[ASSIGNED TASK]
An exact transcription of the entries is required, with none of the pictures carried over.

[Entries taken from a collection]
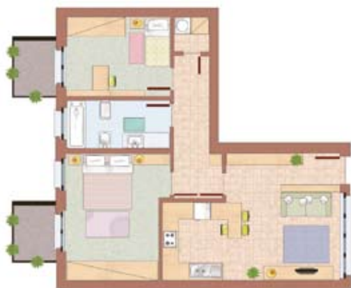
esempio di trilocale
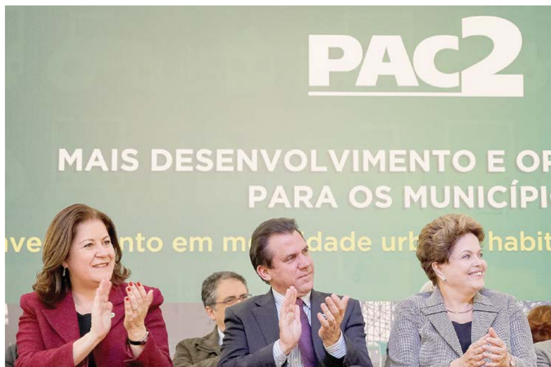
Ministra Miriam Belchior, prefeito Luiz Marinho e presidenta Dilma Rousseff

Em seu discurso, Dilma destacou a importância do Consórcio formado pelos sete municípios. “Em áreas com essa característica de interligação, de interconexão, onde não se tem noção dos limites, é muito mais racional fazer obras conjuntas. Hoje vocês dão um padrão diferenciado
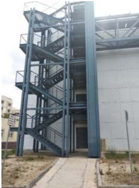
Φωτογραφία 1 : Θύρες στα μεταλλικά κλιμακοστάσια.
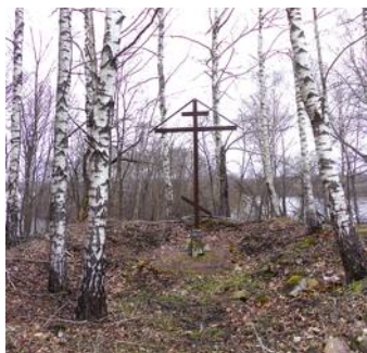
Поклонный крест, установленный на месте разрушенного Храма во имя Успения Пресвятой Богородицы на погосте Колобаки

И все двадцать верст икону несли на руках, и приносили ее в город в субботу, на пятой неделе после Пасхи, значит, в мае - начале июня. Многолюдная процессия с иконами, хоругвями, с зажженными свечами, пением и прочими атрибутами Крестного хода вначале шла в крепость, в Воскресенский собор, где служили по этому поводу молебн, а затем, в течение недели, икону носили по городу, по домам. Прихожане верили, что икона Успения из Колобак, если она побывала в доме, защитит его от пожара, болезней и других напастей...»
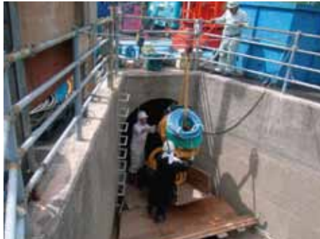
写真-4 ホースをリヤカーに載せて搬入
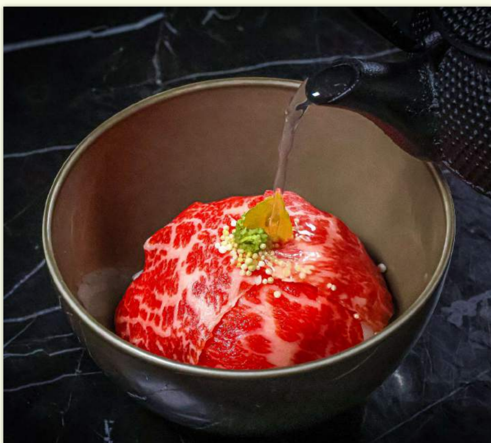
Gyuniku Dashi Chazuke
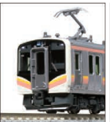
E129系100番台 (霜取りパンタ搭載車)
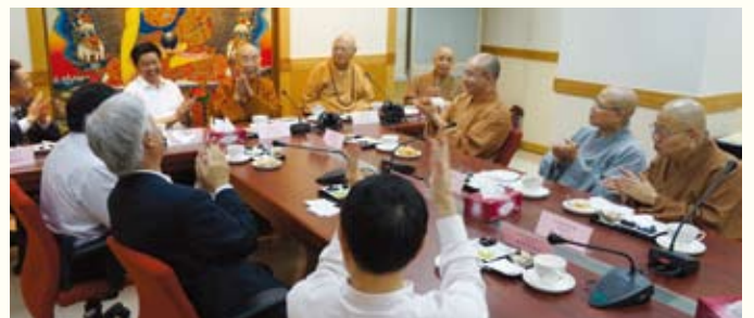
▲會面氣氛親切歡樂
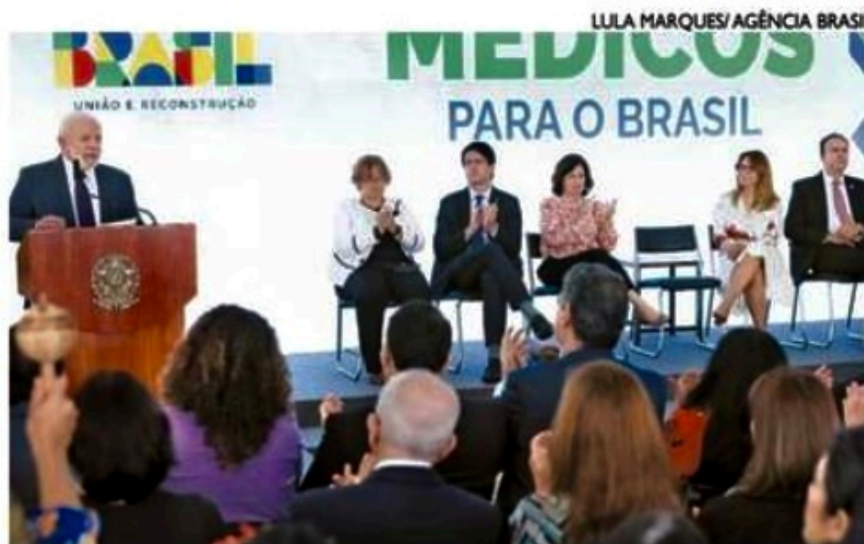
Lula: "Não importa a nacionalidade do médico, mas saber a do paciente"

■ Gestão federal aposta em iniciativa que leva trabalhadores de saúde a áreas vulneráveis e interior e não descarta uso de estrangeiros

[SOLUTION TO THE EXERCISE]
esempio di trilocale
Ministra Miriam Belchior, prefeito Luiz Marinho e presidenta Dilma Rousseff

Em seu discurso, Dilma destacou a importância do Consórcio formado pelos sete municípios. “Em áreas com essa característica de interligação, de interconexão, onde não se tem noção dos limites, é muito mais racional fazer obras conjuntas. Hoje vocês dão um padrão diferenciado
Φωτογραφία 1 : Θύρες στα μεταλλικά κλιμακοστάσια.
Поклонный крест, установленный на месте разрушенного Храма во имя Успения Пресвятой Богородицы на погосте Колобаки

И все двадцать верст икону несли на руках, и приносили ее в город в субботу, на пятой неделе после Пасхи, значит, в мае - начале июня. Многолюдная процессия с иконами, хоругвями, с зажженными свечами, пением и прочими атрибутами Крестного хода вначале шла в крепость, в Воскресенский собор, где служили по этому поводу молебн, а затем, в течение недели, икону носили по городу, по домам. Прихожане верили, что икона Успения из Колобак, если она побывала в доме, защитит его от пожара, болезней и других напастей...»
写真-4 ホースをリヤカーに載せて搬入
Gyuniku Dashi Chazuke
E129系100番台 (霜取りパンタ搭載車)
▲會面氣氛親切歡樂
Lula: "Não importa a nacionalidade do médico, mas saber a do paciente"

■ Gestão federal aposta em iniciativa que leva trabalhadores de saúde a áreas vulneráveis e interior e não descarta uso de estrangeiros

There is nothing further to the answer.